When communicating non-nominal state it’s important to be consistent. A heavily logging
application that doesn’t follow strict logging levels provides the same amount, or even less
information than a non-logging application.

Because of this, it’s important to define the severity of events and messages that are related
to it; then use consistent log levels for them. This way users can select the amount of logging
themselves via --verbose flags or environment variables (like RUST_LOG ).

The commonly used log crate defines the following levels (ordered by increasing severity):

trace
debug
info
warning
error

It’s a good idea to think of info as the default log level. Use it for, well, informative output.
(Some applications that lean towards a more quiet output style might only show warnings
and errors by default.)
Additionally, it’s always a good idea to use similar prefixes and sentence structure across log
messages, making it easy to use a tool like grep to filter for them. A message should
provide enough context by itself to be useful in a filtered log while not being too verbose at
the same time.

Example log statements

error: could not find `Cargo.toml` in `/home/you/project/`

=> Downloading repository index


=> Downloading packages...

The following log output is taken from wasm-pack:

[1/7] Adding WASM target...


[2/7] Compiling to WASM...
[3/7] Creating a pkg directory...
[4/7] Writing a package.json...
> [WARN]: Field `description` is missing from Cargo.toml. It is not necessary,
but recommended
> [WARN]: Field `repository` is missing from Cargo.toml. It is not necessary,
but recommended
> [WARN]: Field `license` is missing from Cargo.toml. It is not necessary, but
recommended
[5/7] Copying over your README...
> [WARN]: origin crate has no README
[6/7] Installing WASM-bindgen...
> [INFO]: wasm-bindgen already installed
[7/7] Running WASM-bindgen...
Done in 1 second

When panicking
One aspect often forgotten is that your program also outputs something when it crashes. In
Rust, “crashes” are most often “panics” (i.e., “controlled crashing” in contrast to “the
operating system killed the process”). By default, when a panic occurs, a “panic handler” will
print some information to the console.

For example, if you create a new binary project with cargo new --bin foo and replace the
content of fn main with panic!("Hello World") , you get this when you run your program:

thread 'main' panicked at 'Hello, world!', src/main.rs:2:5


note: Run with `RUST_BACKTRACE=1` for a backtrace.

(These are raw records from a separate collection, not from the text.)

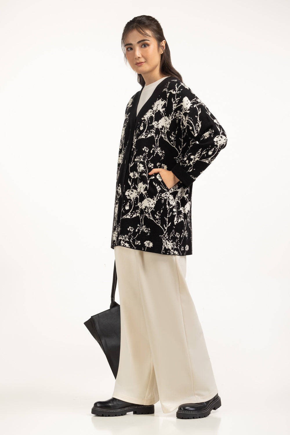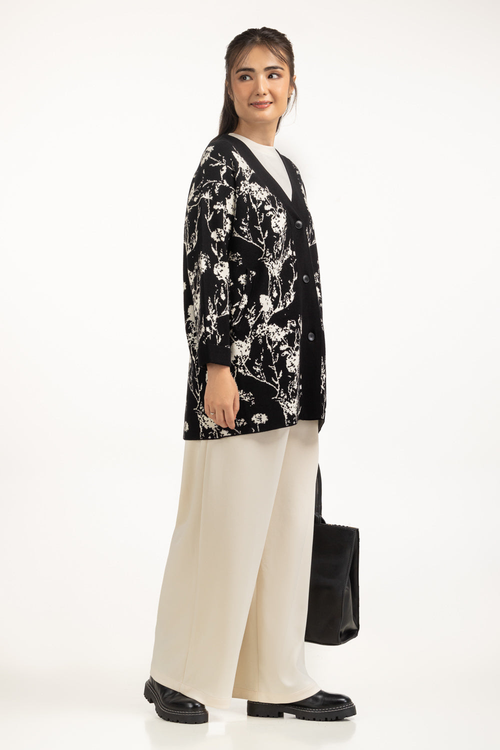 The cardigan designed for women who love relaxed-fit ease with sophistication. Its bold pattern brings a classic edge to your winter wear. The V-neckline frames the silhouette gracefully, while the button-down style allows flexibility in layering.
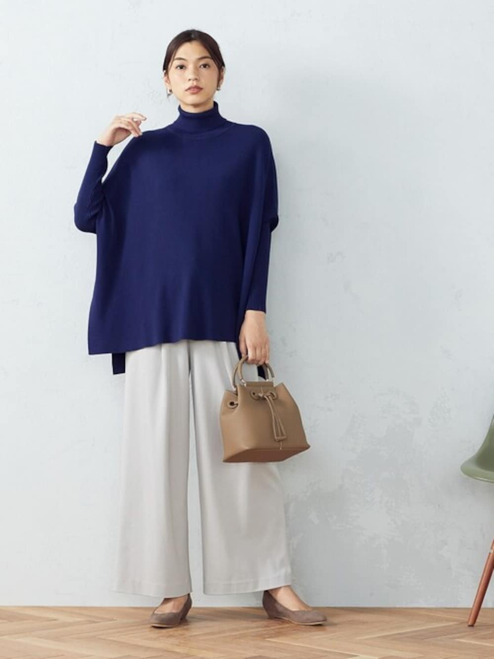 COMME CA ISM OFFICIALのニット/セーター「【WEB限定/一部店舗限定カラー:ネイビー、グリーン】 ハイネック ニットポンチョ」を使ったコーディネート
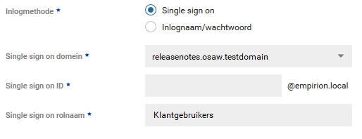 In het scherm bij Stap 5 dient de inlogmethode Single sign on geselecteerd te worden. Daarna kan de beheerder het domein, het ID en de rolnaam instellen.
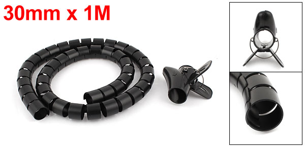 Spiral Tube Cable Wire Wrap Organizer PC Cord Management w Clip 30mmx1m Black
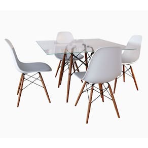 CONJUNTO JANTAR EAMES TAMPO QUADRADO VIDRO 90CM - 4 CADEIRAS BRANCAS O Jogo de Mesa 4 Cadeiras Eames se destaca pelo design moderno e sofisticado. A Cadeira Eames é confeccionada em policarbonato, sua base é em Madeira maciça, o que confere total resistência e conforto, o tampo é confeccionado em vidro, sua base é em Madeira maciça. O Jogo de Mesa 4 Cadeiras Eames da vida ao ambiente além de combinar com todos os tipos e cores de móveis.
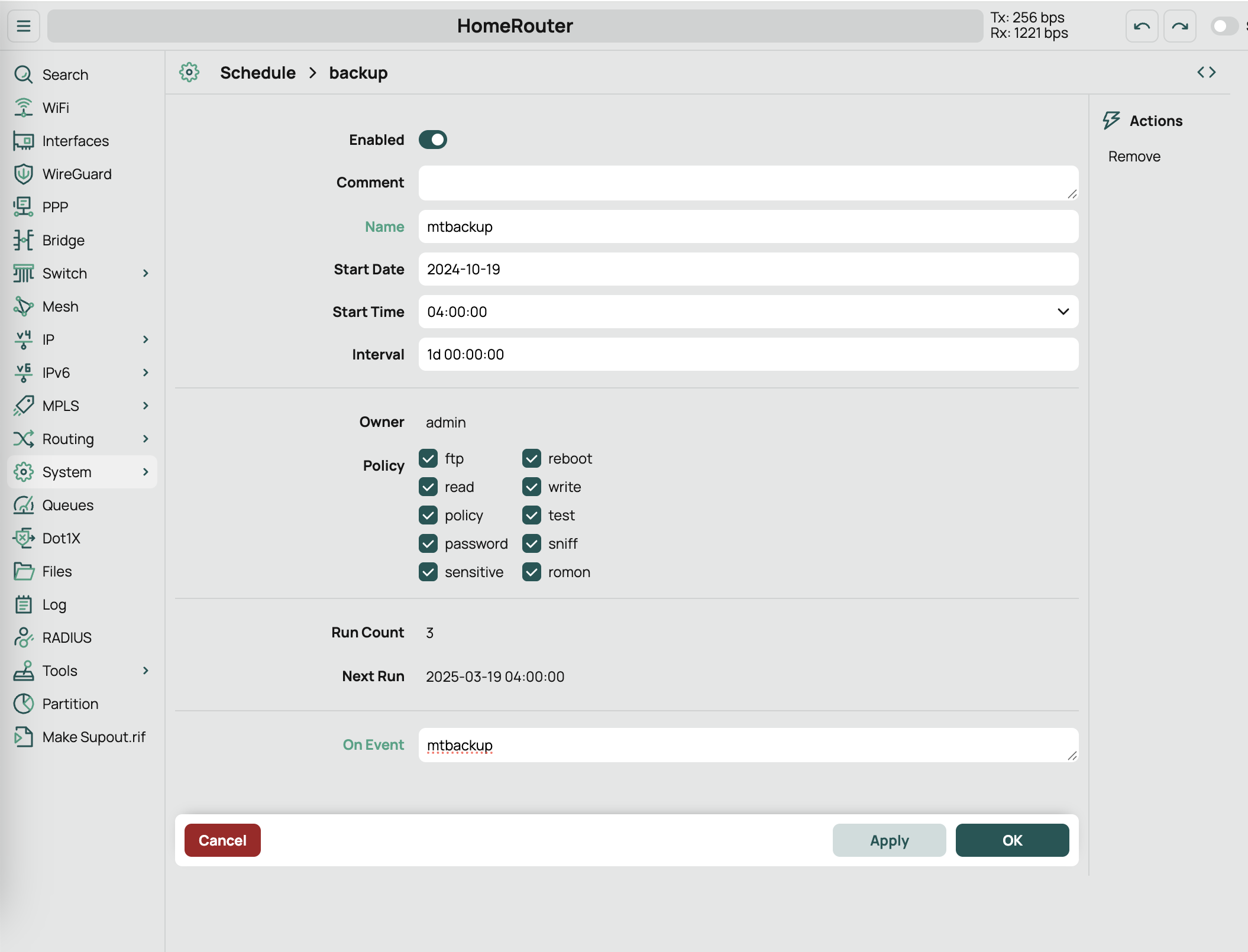 /system scheduler add name="mtbackup" interval="1d 00:00:00" start-date="2025-12-06" start-time="04:00:00" policy=ftp,read,policy,password,sensitive,reboot,write,test,sniff,romon on-event="mtbackup"
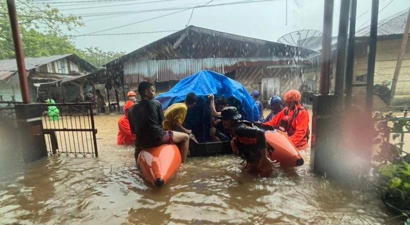 Rescatistas sacan incluso en brazos a personas del interior de viviendas anegadas a las que llegan a remo sobre lanchas neumáticas en medio del intenso temporal, reflejan vídeos facilitados por la BNPB.
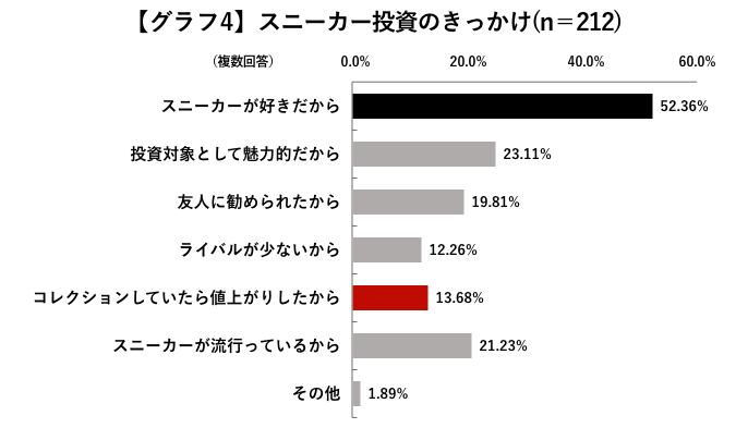 スニーカー投資をはじめたきっかけは「スニーカーが好きだから」が約5割と圧倒的。
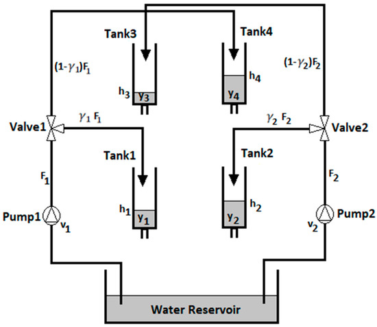 - Johansson, K.H. The quadruple-tank process: A multivariable laboratory process with an adjustable zero. IEEE Trans. Control Syst. Technol. 2000, 8, 456–465. [Google Scholar] [CrossRef]
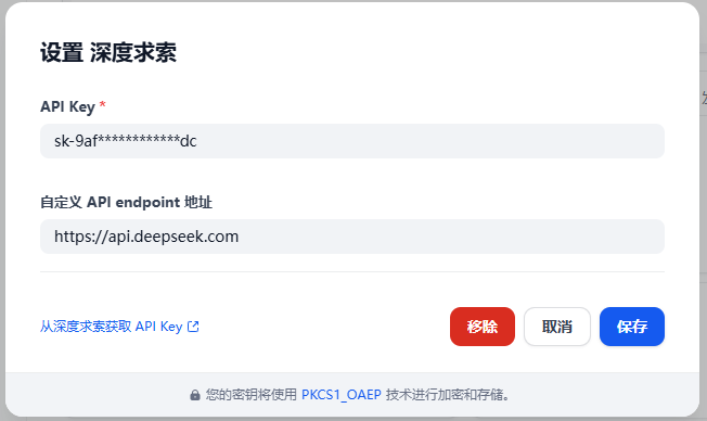 如果你想配置在线的DeepSeek官方模型,直接填写API地址和key即可,key需要你去DeepSeek官网申请。
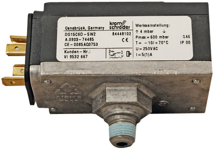 Для оснащения газовых котлов промышленного назначения и вентиляторов горелки реле давления KROMSCHRODER DG15C6D-5WZ. Прибор выполнен в соответствии с европейским стандартом EN 1854. Рабочей средой являются: воздух, природный, сжиженный (газообразное состояние) газ, биогаз, дымовые газы. Назначение – контроль нагнетательного давления.
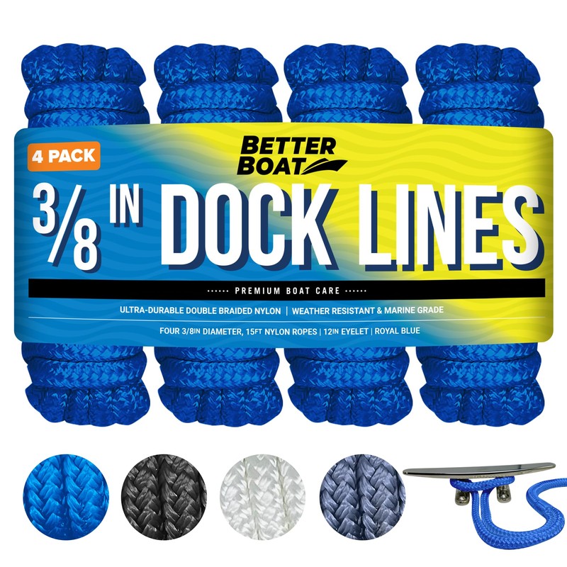 - RELIABLE & STRONG BOAT LINES: Capable of absorbing shock loads. With a mooring tie off, the knots hold and easy to unknot. Ideal dock lines for boats 3/8 as boat dock supplies or accessories for camping & moving. Available in 1/2" and fender lines.
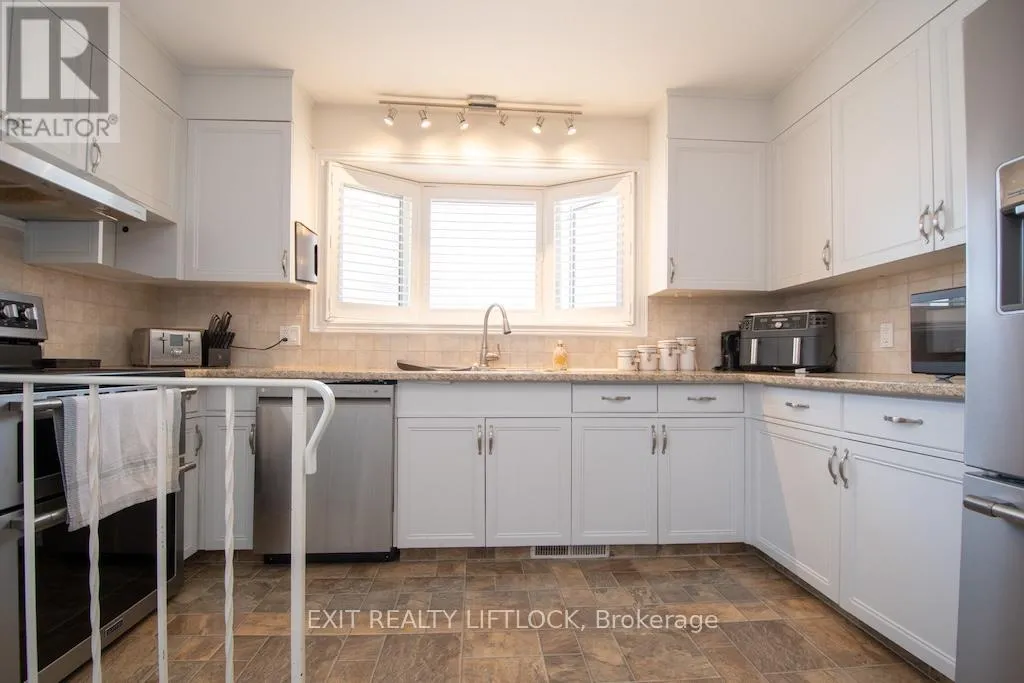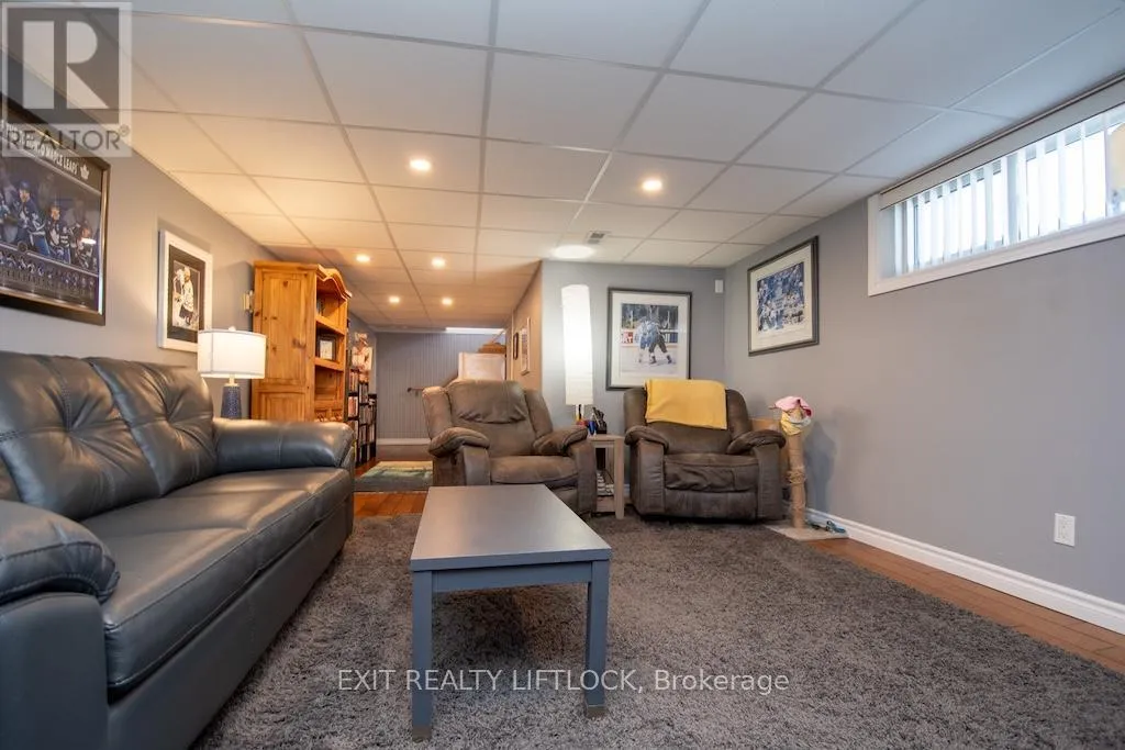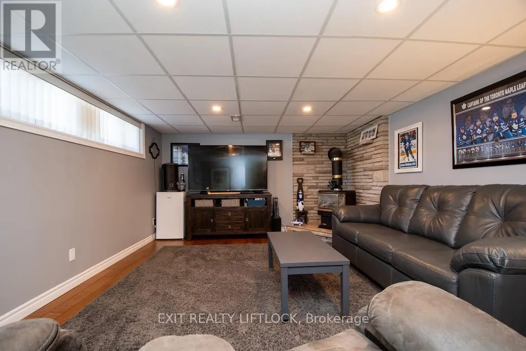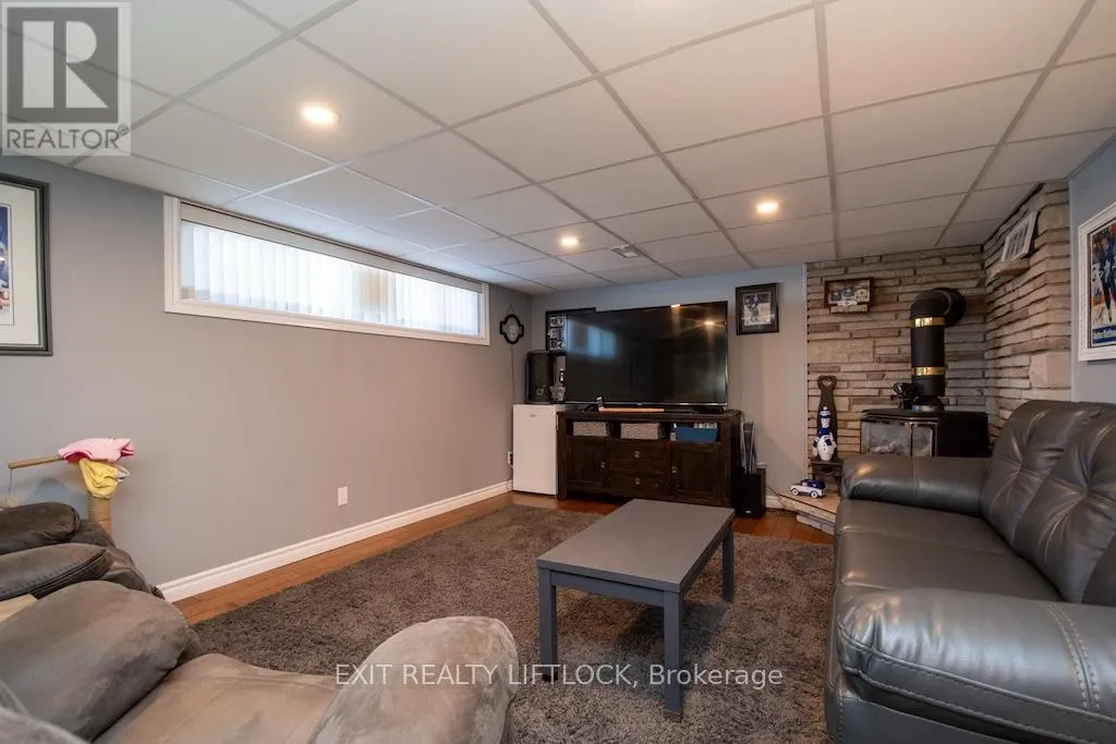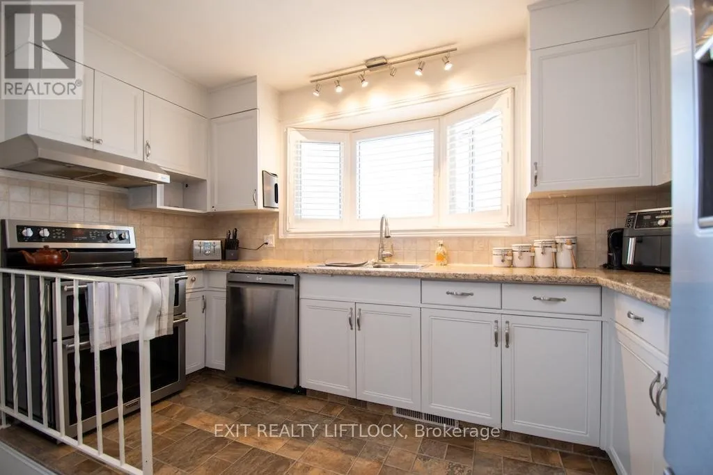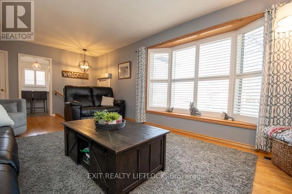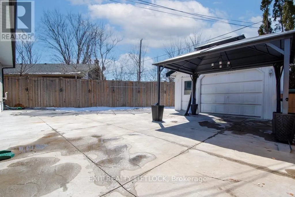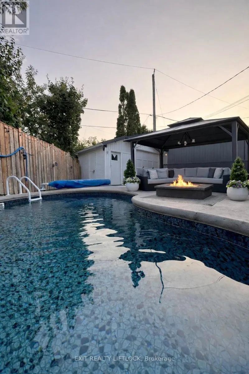 Fairbairn-Hillside-Westdale Welcome to this beautifully maintained all brick bungalow, ideally situated in Peterborough's sought-after north end. The main level offers three well-appointed bedrooms and a newly updated bathroom (2025), along with elegant hardwood flooring throughout. A bright and spacious living room is filled with natural light from a large front window, creating a warm and inviting atmosphere. The eat-in kitchen features newer, high-end stainless steel appliances and a functional layout designed for both everyday living and entertaining. A convenient side entrance leads to a fully finished lower level, complete with a cozy family room featuring a fireplace and pot lighting an additional bedroom, a bathroom, and a dedicated laundry area-ideal for extended family living or added versatility. Step outside to your private backyard retreat, highlighted by a newly installed heated, kidney-shaped saltwater in-ground pool surrounded by low-maintenance stamped concrete. A hardtop gazebo with solar lighting enhances the space, making it perfect for relaxing or hosting guests. The property also features a new fence along the north side (2025) for added privacy, as well as a detached 1.5 car garage. Recent updates include shingles, furnace, air conditioning, hot water tank, and the newly renovated upstairs bathroom (2025), offering peace of mind for years to come. Conveniently located near parks, walking and biking trails, schools, and essential amenities, this home clearly reflects pride of ownership throughout. (id:27476)

This is useful information to you, the developer. (Surprise: the program crashed because of
line 2 in your main.rs file). But for a user who doesn’t even have access to the source code,
this is not very valuable. In fact, it most likely is just confusing. That’s why it’s a good idea to
add a custom panic handler, that provides a bit more end-user focused output.

One library that does just that is called human-panic. To add it to your CLI project, you
import it and call the setup_panic!() macro at the beginning of your main function:

use human_panic::setup_panic;

fn main() {
setup_panic!();

panic!("Hello world")
}

This will now show a very friendly message, and tells the user what they can do:

Well, this is embarrassing.

foo had a problem and crashed. To help us diagnose the problem you can send us a
crash report.

We have generated a report file at


"/var/folders/n3/dkk459k908lcmkzwcmq0tcv00000gn/T/report-738e1bec-5585-47a4-
8158-f1f7227f0168.toml". Submit an issue or email with the subject of "foo Crash
Report" and include the report as an attachment.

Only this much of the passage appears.